▸ **WHAT IS BEING ASKED**: Without the pictures, write the listing out again exactly as it appears.

▸ **AVAILABLE DATA**:
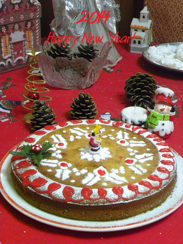 This year’s Vassilopita was made without any glaze on top. The only difference is that I used a special butter from Corfu island, called “voutyro Kerkyras” (50% with cow’s milk & 50% sheep and goat milk) and just some icing sugar on top!
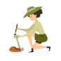 - Petit rateau de jardin, pelle, grattoir, brosse, tamis
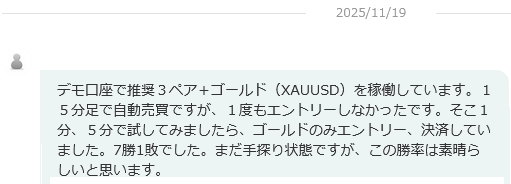 本日は三尊波動FX参加者のご感想。

▸ **ANSWER**:
 This year’s Vassilopita was made without any glaze on top. The only difference is that I used a special butter from Corfu island, called “voutyro Kerkyras” (50% with cow’s milk & 50% sheep and goat milk) and just some icing sugar on top!
 - Petit rateau de jardin, pelle, grattoir, brosse, tamis
 本日は三尊波動FX参加者のご感想。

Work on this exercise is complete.